- Opening Delimiter -

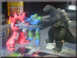 今年度から「エッセイ」のコーナーに挿し絵を入れました。ファンの方(?)から、写真が入るといいというご意見が来たからです。でもなかなか受け狙いの写真はとれないよ。というわけで、5月1日のエッセイは見てくれました?シリアスな話をしたので挿し絵に困った困った。結局、前回、エッセイの答え。エッセイ中に書くとしらけるので、ここに書きます。やっぱ、ちゃんとした絵にした方が良かったよなぁ。で、今回の写真は子供の日ということで・・・。友人から受け継いだガンダム。ハナハイムで作られたものです(ウソ)。GWです。ガンダムウィングではありません。それと、5月だけに5じら(さぶ)。とりあえず、どんな状態なのか想像してください。「旧ザク:わたしのために喧嘩はやめて〜」('01/05)。
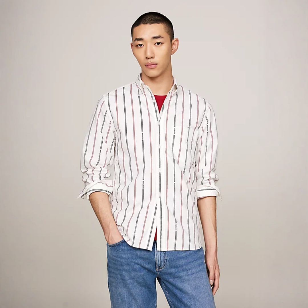 Hilfiger Double Stripe Regular Fit Shirt: Regular fit long-sleeve shirt featuring a distinctive double stripe pattern for a classic, nautical look.
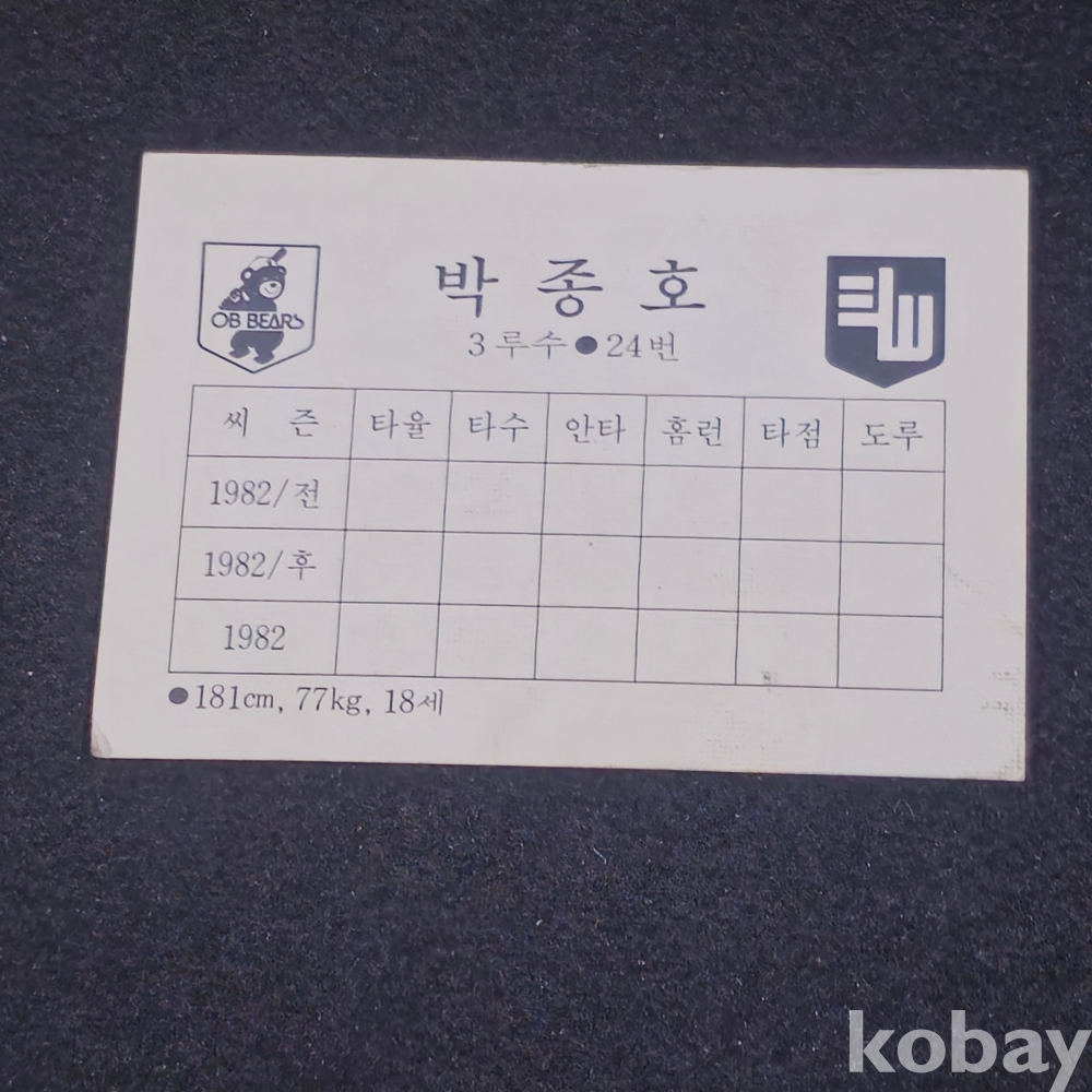 (((프로야구자료))) 프로야구 원년 1982년 오비베어스 3루수 박종호 스포츠 카드
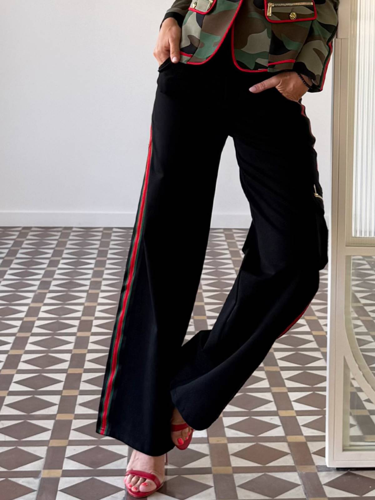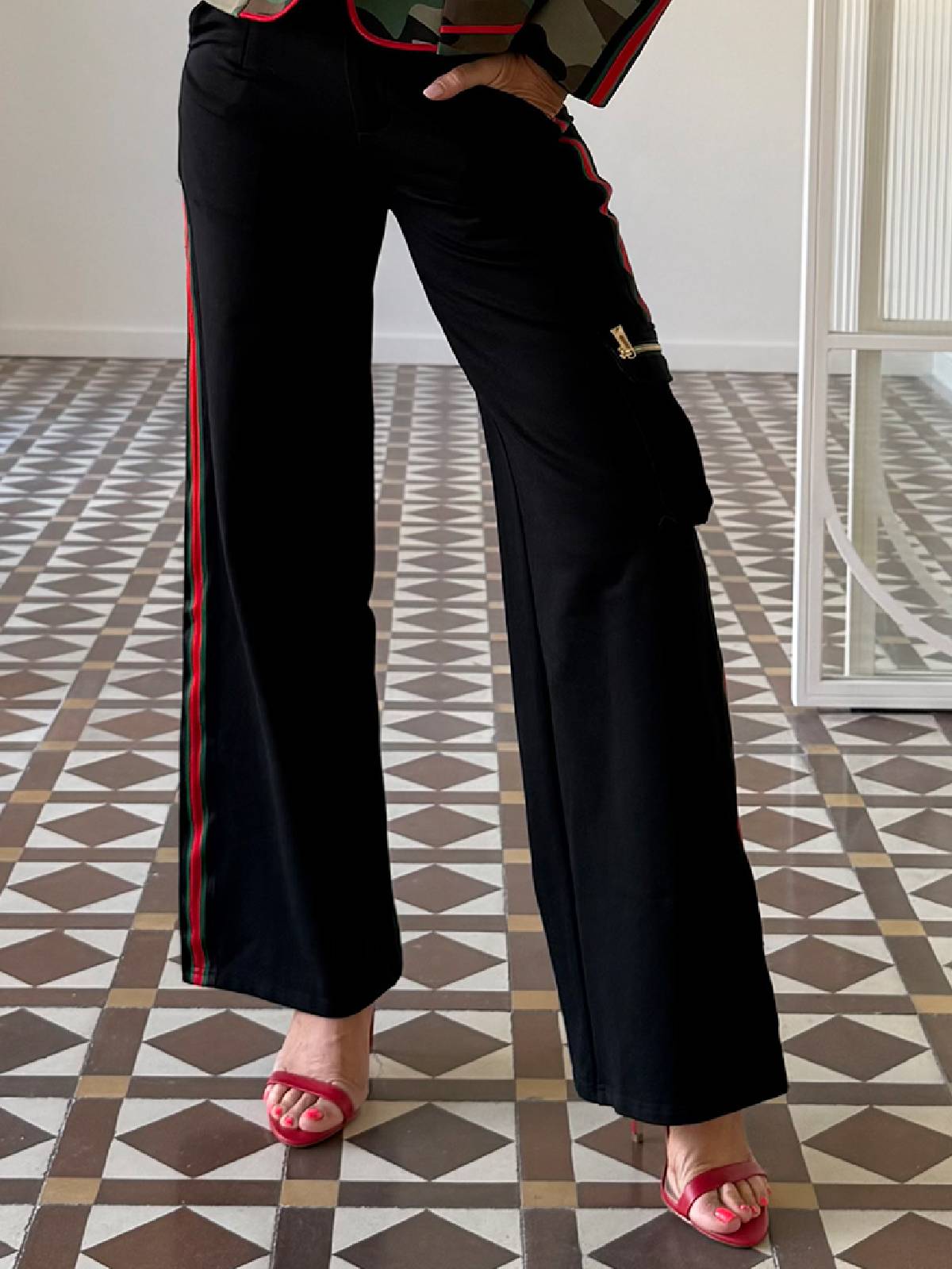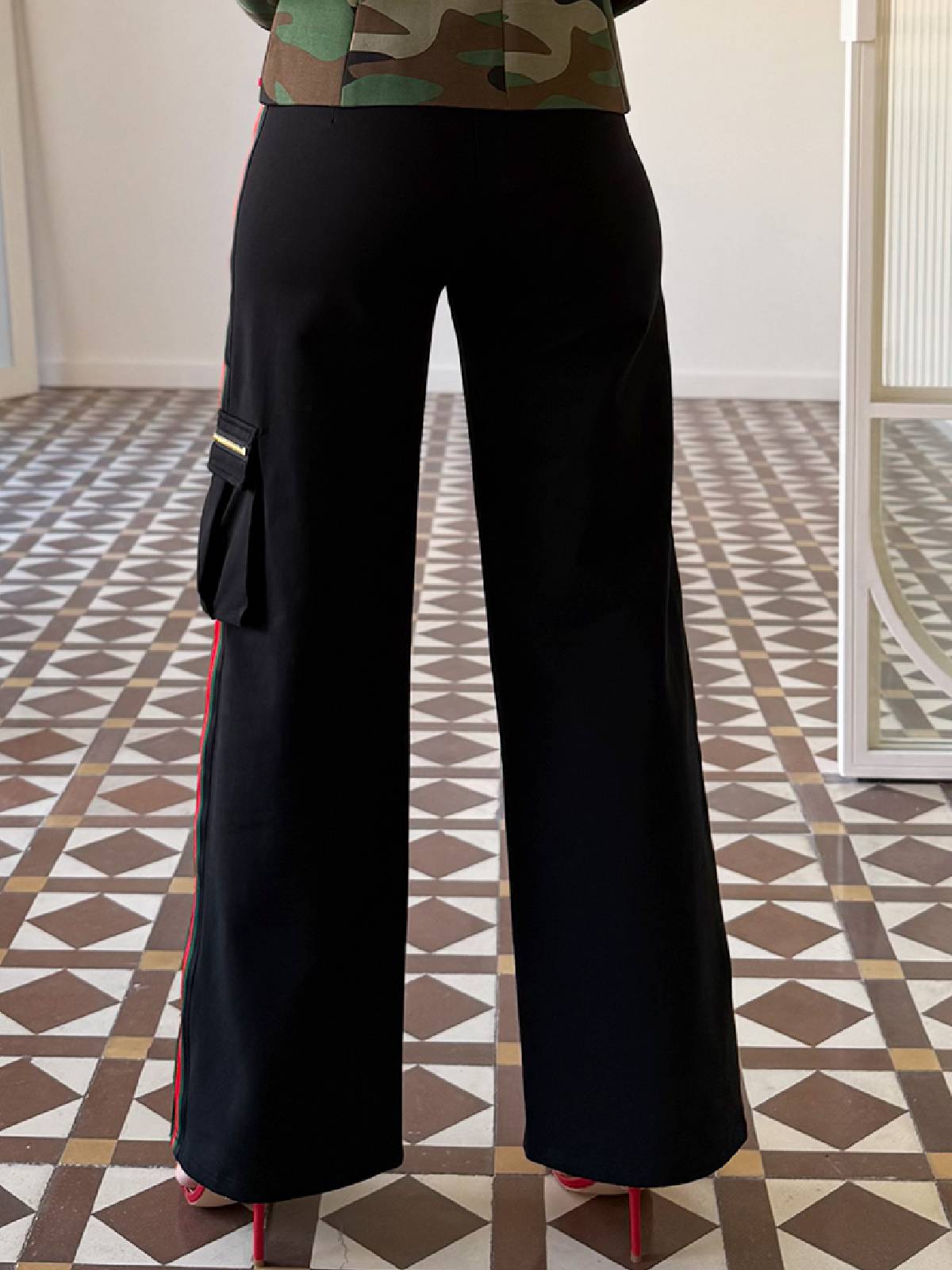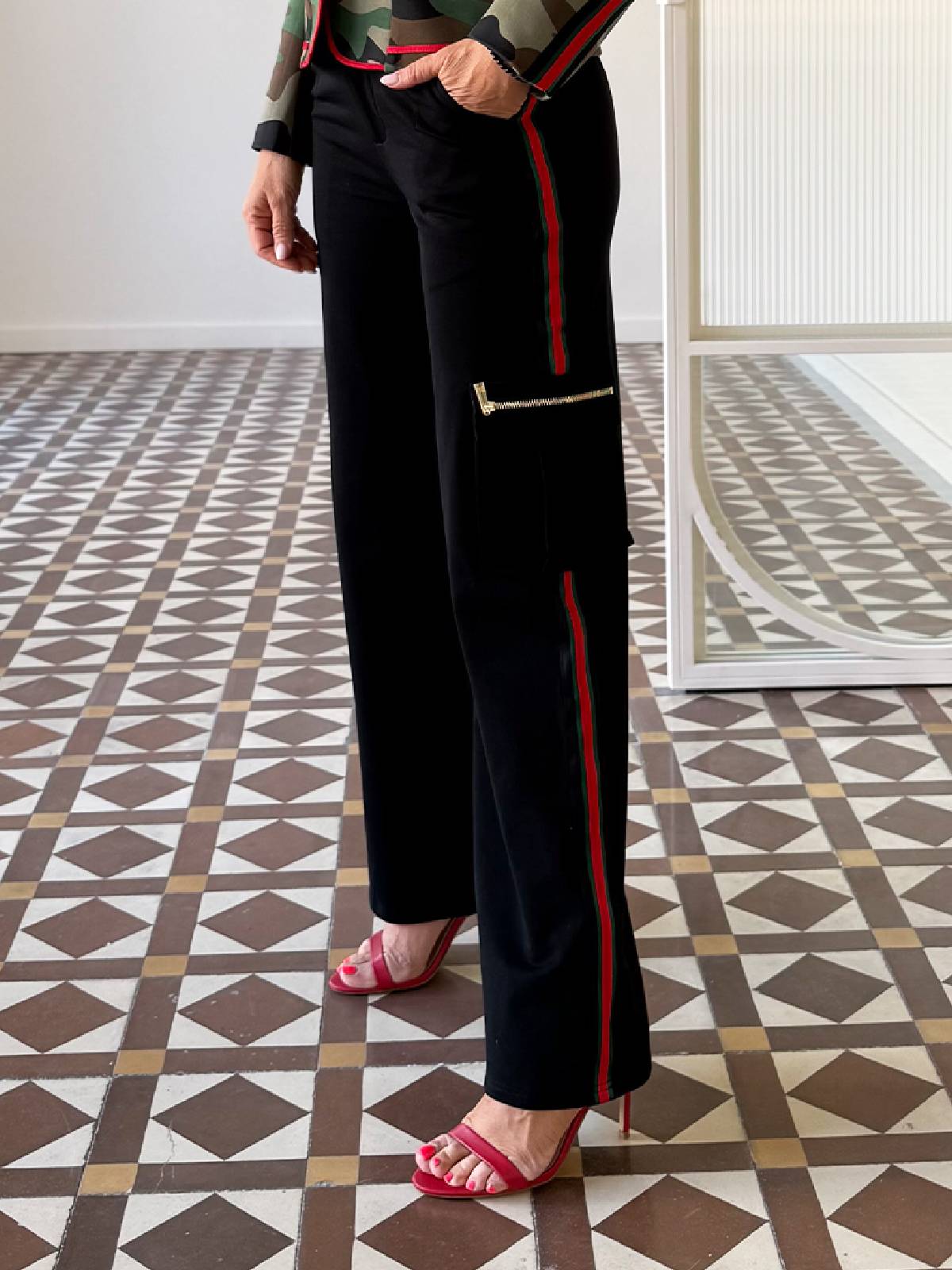 Pantalón cargo en color negro con franja lateral verde y roja. Bolsillos laterales con cremallera dorada. Doble bolsillo superior Se abrocha con botón y cremallera. Trabillas para cinturón.
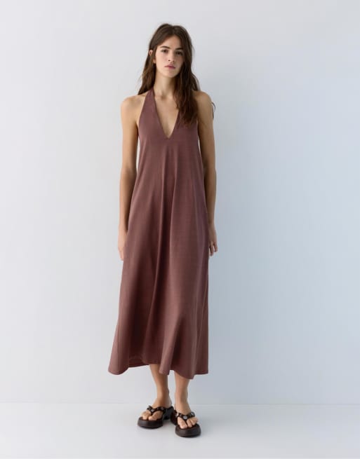 Pull&Bear - Brun midikjole med halterneck
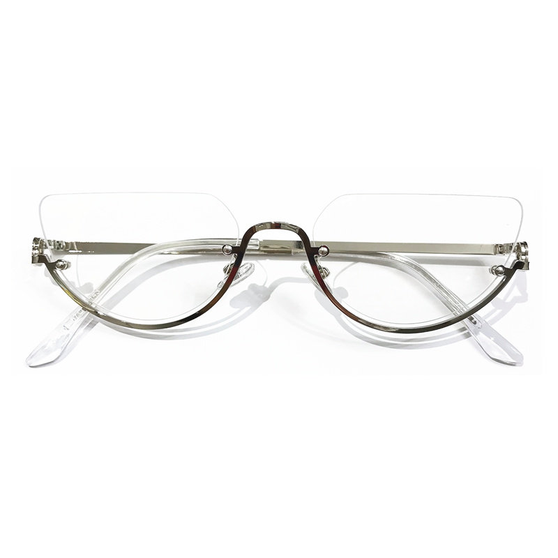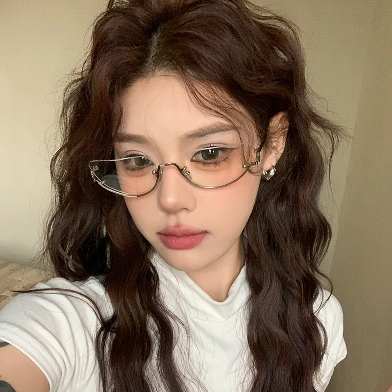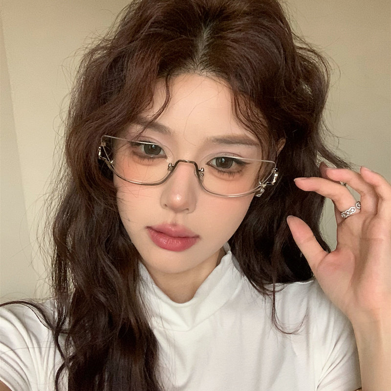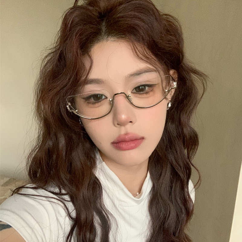 📚 复古半框金属银色猫眼平光镜女高级感造型素颜可配度数近视眼镜框

- Closing Delimiter -

▶ Your task
Once the images are dropped, set down the remaining material word for word.

▶ Problem solution
 今年度から「エッセイ」のコーナーに挿し絵を入れました。ファンの方(?)から、写真が入るといいというご意見が来たからです。でもなかなか受け狙いの写真はとれないよ。というわけで、5月1日のエッセイは見てくれました?シリアスな話をしたので挿し絵に困った困った。結局、前回、エッセイの答え。エッセイ中に書くとしらけるので、ここに書きます。やっぱ、ちゃんとした絵にした方が良かったよなぁ。で、今回の写真は子供の日ということで・・・。友人から受け継いだガンダム。ハナハイムで作られたものです(ウソ)。GWです。ガンダムウィングではありません。それと、5月だけに5じら(さぶ)。とりあえず、どんな状態なのか想像してください。「旧ザク:わたしのために喧嘩はやめて〜」('01/05)。
 Hilfiger Double Stripe Regular Fit Shirt: Regular fit long-sleeve shirt featuring a distinctive double stripe pattern for a classic, nautical look.
 (((프로야구자료))) 프로야구 원년 1982년 오비베어스 3루수 박종호 스포츠 카드
 Pantalón cargo en color negro con franja lateral verde y roja. Bolsillos laterales con cremallera dorada. Doble bolsillo superior Se abrocha con botón y cremallera. Trabillas para cinturón.
 Pull&Bear - Brun midikjole med halterneck
 📚 复古半框金属银色猫眼平光镜女高级感造型素颜可配度数近视眼镜框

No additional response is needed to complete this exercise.